I came up with something like your solution, but I don't think your solution is complete. Consider the 4-canister case. I place two canisters together and another two together such that the distance between them is greater than two intervals. Your argument fails.
StoneTemplePython said:Your 'counterexample' doesn't hold water I'm afraid. If you place two canister touching each other (I guess that's what 'together' means?) then it's just another legal 4 canister configuration. If together means 'exactly the same spot' I'm not really sure that's allowed physically but in the interest of sport I'd point out that if it were allowed you have just reduced it to the 2 canister problem which most people can solve by inspection.
Freixas said:Reading your problem description more carefully, I see you asked if there was a viable starting point, not to identify which point that might be. The reduction proof works for identifying that a starting point exists, but not for identifying which it is. Oddly enough, it is not the one with the most fuel or even the most percentage of fuel for its leg.

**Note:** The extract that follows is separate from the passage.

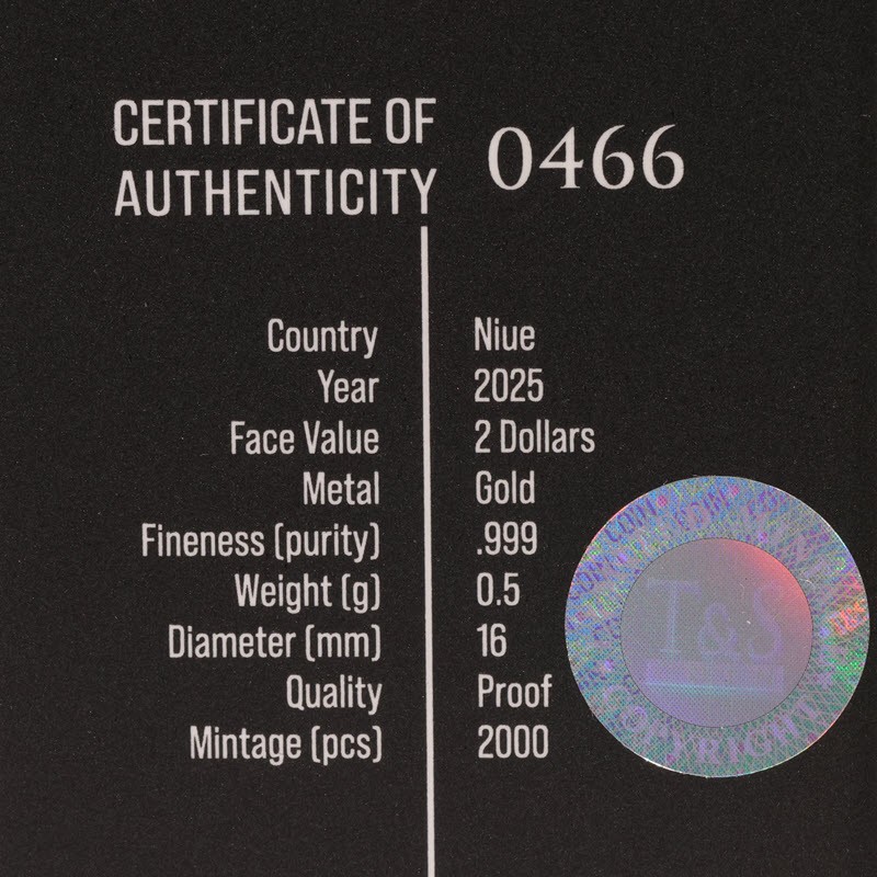 Золотая монета Ниуэ "Архангел Михаил" 2025 г.в. (пруф), 0.5 г чистого золота (проба 999)
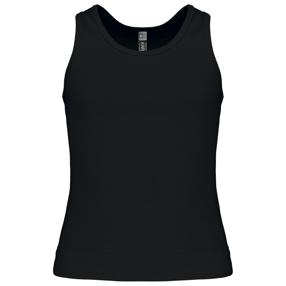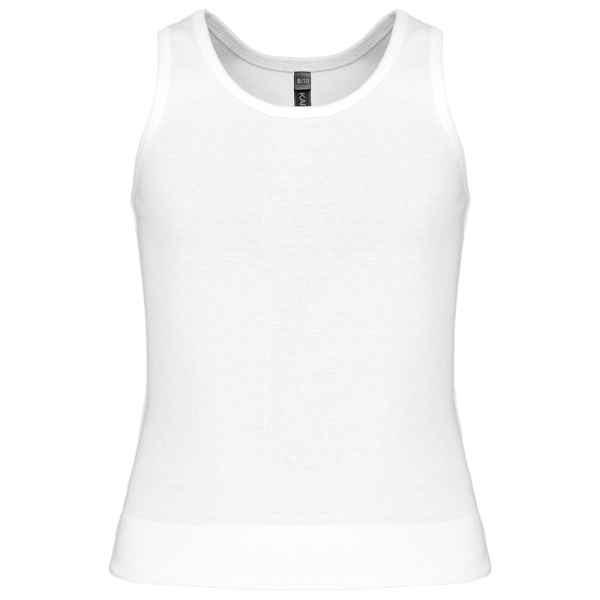100% katoen. 1x1 rib. Racerback. Afwerking met dubbele stiksels.

Freixas said:I do think the problem should have explicitly stated that the fuel was not distributed equally among all canisters. If you argue that I should, in my solution, not include restrictions not imposed by the problem statement, then I will simply have the driver walk to the nearest canister, bring it back to the car and repeat as necessary. Problem solved! If you argue that I shouldn't make unreasonable assumptions, then I would respond that reasonable is a subjective term; if something is important to the problem, it should be included. Personally, I don't think it would hurt to include both.
Thanks for taking the time to create this puzzle, though (assuming it's yours).